Ministers arriving in Vienna have said the first item on the agenda was tighter enforcement of agreements since September to lower supply targets by 4.2 million barrels per day (bpd).

Compliance is very good, Saudi Arabian Oil Minister Ali al-Naimi told reporters. We'd like to see compliance as high as possible. It is over 80 percent now, it can be better.

Naimi said the output cuts were reducing oversupply, but demand was expected to stay weak.

You have to understand that the world economy is not as healthy as it should be. We should expect demand world-wide to be down.

OPEC's Ministerial Monitoring Committee, which will make a recommendation to Sunday's full meeting of the Organization of the Petroleum Exporting Countries, was calling for better compliance, a delegate told Reuters.

There was an emphasis on better compliance. This is what is going to be suggested tomorrow, the delegate said on Saturday.

Adding to pressure on OPEC to avoid inflicting further damage on the economy by driving oil prices higher, U.S. President Barack Obama, head of the world's biggest energy consumer, called Saudi King Abdullah on Friday.

But sources said some members of the 12-member producers' club still favored more decisive action to drain inventories and avoid a further slide in the oil price as the fall in economic activity destroys fuel demand.

Algerian Energy and Mines Minister Chakib Khelil has been the only one to say so publicly since arriving in Vienna.

Asked whether OPEC should cut or just comply with existing restrictions, Khelil replied: Both ... comply and cut.

He said the oil market had already factored in another reduction of at least 500,000 bpd, with the implication prices would fall if that does not happen.

HISTORIC CUTS

Whatever the outcome of Sunday's meeting, Saudi Arabia, the world's leading exporter and the best-placed to add or subtract barrels of oil, could decide unilaterally how much it thinks the market needs.

Independent observers have said the kingdom was already pumping less than its implied target.

The cuts since last September are the deepest and most rapid yet and the strong compliance has helped to pull prices up from a low of $32.40 in December to around $46 now -- just over $100 below last year's record high.

But inventories are still brimming.
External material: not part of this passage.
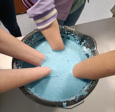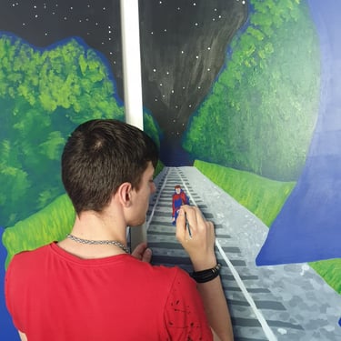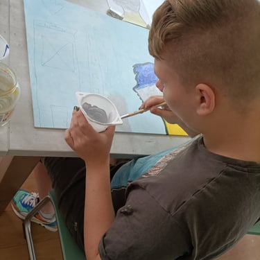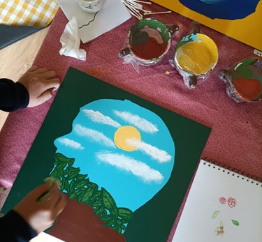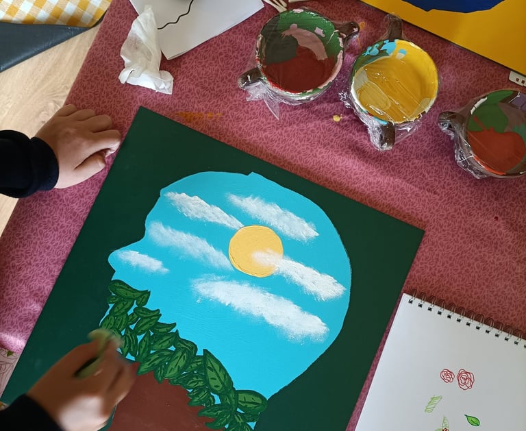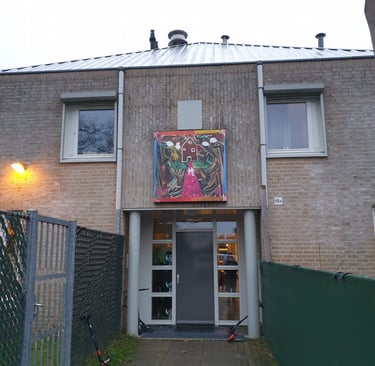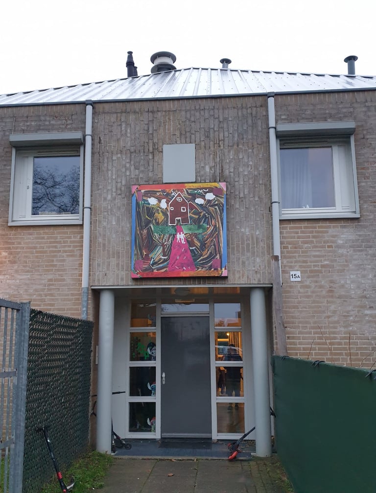 Aan het einde van 2024 was ik regelmatig in Zuid-Limburg te vinden. In de omgeving van Sittard was ik deel van een samenwerking tussen het Laagland en Koraal. Koraal is een organisatie voor jeugdhulp. Op de locatie nabij Sittard bieden zij woonruimte en onderwijs aan jongeren. Vijf weken lang kwamen leerlingen van Koraal op onze atelierzolder. Sarai Erkens en ik boden verschillende lessen aan, waar de leerlingen konden experimenteren met materiaal en technieken. Daarna gingen we met hen de diepte in, aan de hand van de vraag; 'Wat betekent thuis in je hoofd voor jou?' Er zijn verschillende mooie kunstwerken uit voortgekomen, waarvan hieronder een deel te bekijken is. Enkele van deze kunstwerken werden geprint op grote stickervellen en geplaatst boven de ingangen van de woongroepen. Zo oefenden de leerlingen blijvend invloed uit op hun eigen ruimte. Tijdens een feestelijke bijeenkomst werden deze werken onthuld.

Weak demand, especially heading into the second quarter when fuel consumption is typically at its lowest after the end of the northern hemisphere winter, could lead to further stock builds.
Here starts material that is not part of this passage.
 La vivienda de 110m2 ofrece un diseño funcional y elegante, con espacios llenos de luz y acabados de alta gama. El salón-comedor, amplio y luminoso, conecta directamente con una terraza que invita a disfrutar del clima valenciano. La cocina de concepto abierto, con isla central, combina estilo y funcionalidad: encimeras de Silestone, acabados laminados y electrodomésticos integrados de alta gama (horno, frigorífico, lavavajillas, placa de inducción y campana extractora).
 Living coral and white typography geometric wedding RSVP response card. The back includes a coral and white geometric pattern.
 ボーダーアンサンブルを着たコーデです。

OPEC will be mindful of the price crash in the late 1990s when oil fell toward $10 a barrel.

Output cuts then were implemented more slowly than this time round and prices did not stabilize for more than a year.

A difference between then and now is that fuel demand was only flat. This time it is predicted to decline by at least one million bpd in 2009 compared with 2008 and the world economy is far weaker.

Another difference is that non-OPEC supplies are falling because of under-investment and the maturity of many oilfields.

That means any cooperation from non-OPEC countries with OPEC output cuts would be largely academic.

Some OPEC ministers have nevertheless called on the leading non-OPEC producer Russia to join in.

Moscow has sent a high-level delegation, including Deputy Prime Minister Igor Sechin and Energy Minister Sergei Shmatko, to attend Sunday's meeting as an observer.